=== Data provided ===

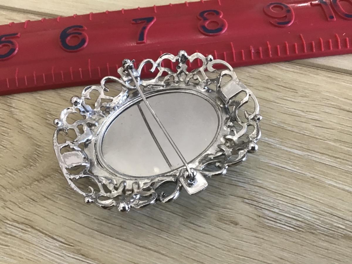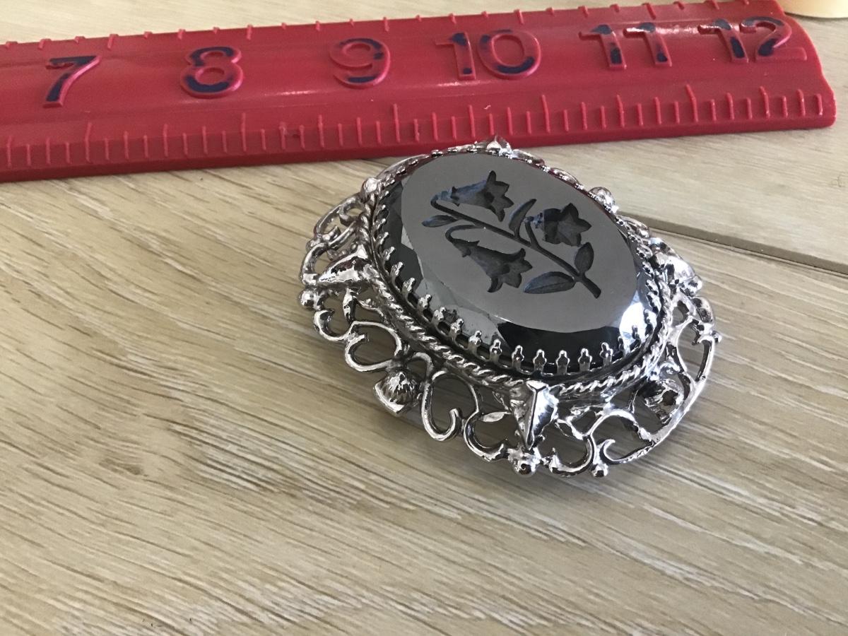Vintage Carved Hematite Floral Flower Silver Tone Filigree Domed Brooch Pin
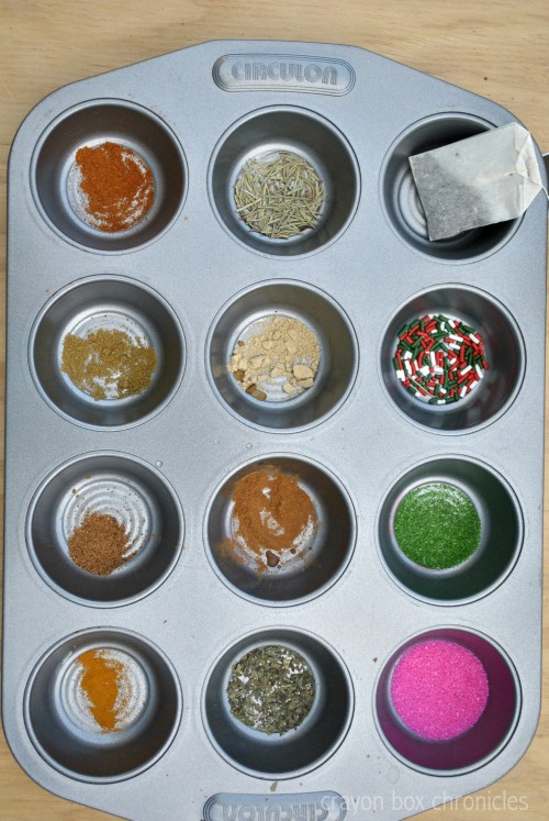 I added a few extra spices and sprinkles in cupcake wrappers for added fun!
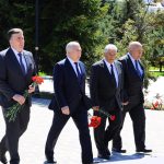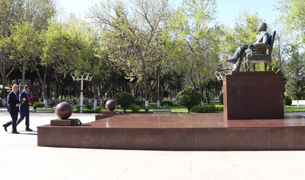 Əvvəlcə tədbir iştirakçıları Ümummilli Lider Heydər Əliyevin abidəsini ziyarət edərək önünə gül dəstələri düzüblər.
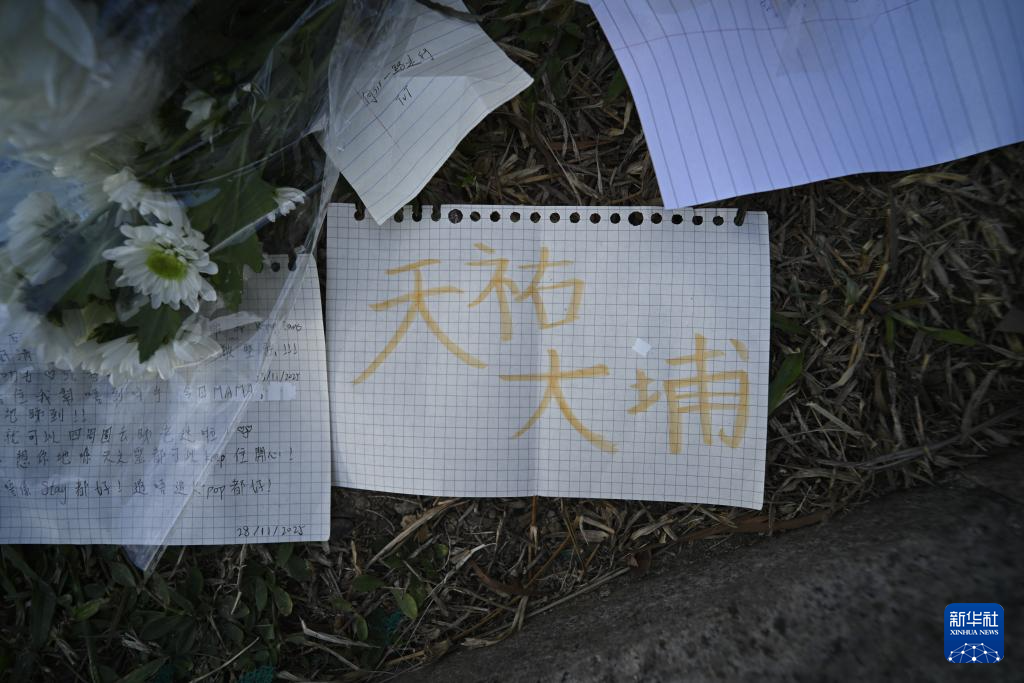 這是11月29日清晨在火災后的大埔宏福苑樓宇附近拍攝的市民擺放的花束與留言條。新華社發(fā)(王申攝)

===

From the first line above to the line containing "Əvvəlcə tədbir iştirakçıları", repeat each line exactly. Pictures stay out.

Vintage Carved Hematite Floral Flower Silver Tone Filigree Domed Brooch Pin
 I added a few extra spices and sprinkles in cupcake wrappers for added fun!
 Əvvəlcə tədbir iştirakçıları Ümummilli Lider Heydər Əliyevin abidəsini ziyarət edərək önünə gül dəstələri düzüblər.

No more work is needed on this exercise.